Macros cannot be used in the module that defines them. Every macro tutorial therefore has two source files: a module file containing the macro definitions and a usage file that requires the module and exercises the macros.

5.4.1.1. Prerequisites

Familiarity with daslang basics (functions, strings, control flow) is assumed. No prior macro experience is required — concepts are introduced one at a time.

Key imports used by the module:

require daslib/ast              // AST node types (ExprConstString, etc.)
require daslib/ast_boost        // AST helpers and ExpressionPtr
require daslib/templates_boost  // qmacro, $e() reification
require daslib/strings_boost    // ExprStringBuilder
require daslib/macro_boost      // [call_macro] annotation, macro_verify

5.4.1.2. Section 1 — hello(): Minimal call macro

A call macro is a class that extends AstCallMacro, annotated with [call_macro(name="...")]:

[call_macro(name="hello")]
class HelloMacro : AstCallMacro {
    def override visit(prog : ProgramPtr; mod : Module?;
            var expr : smart_ptr<ExprCallMacro>) : ExpressionPtr {
        macro_verify(length(expr.arguments) == 0, prog, expr.at,
            "hello() takes no arguments")
        return <- qmacro(print("hello, call macro!\n"))
    }
}

The visit method receives:

  • prog — the program being compiled (used for error reporting)

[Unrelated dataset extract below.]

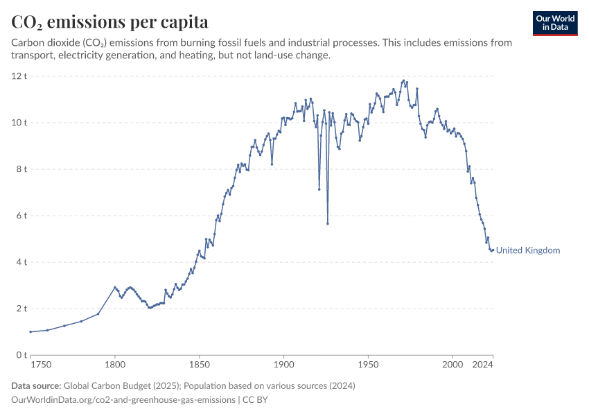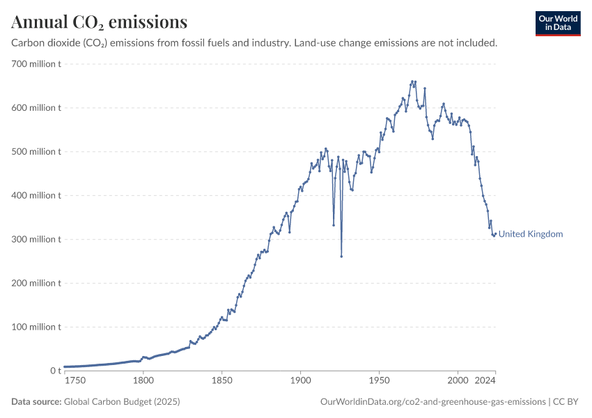 Hannah Ritchie and Pablo Rosado (2025) - “CO₂ and Greenhouse Gas Emissions” Published online at OurWorldinData.org. Retrieved from: 'https://gdocs-bespoke-component.owid.pages.dev/profile/co2/united-kingdom' [Online Resource]BibTeX citation

  • mod — the module where the call appears

  • expr — the call expression (with .arguments and .at for source location)

It returns an ExpressionPtr — the AST tree that replaces the call. qmacro(...) is a reification helper: you write normal daslang syntax inside it and it builds the corresponding AST at compile time.

Usage:

hello()   // → print("hello, call macro!\n")

5.4.1.3. Section 2 — greet(“name”): Argument validation

The greet macro validates its single argument and builds a string interpolation expression:

[call_macro(name="greet")]
class GreetMacro : AstCallMacro {
    def override visit(prog : ProgramPtr; mod : Module?;
            var expr : smart_ptr<ExprCallMacro>) : ExpressionPtr {
        macro_verify(length(expr.arguments) == 1, prog, expr.at,
            "greet() requires exactly one string argument")
        macro_verify(expr.arguments[0] is ExprConstString, prog, expr.at,
            "greet() argument must be a string literal")
        var inscope sbuilder <- new ExprStringBuilder(at = expr.at)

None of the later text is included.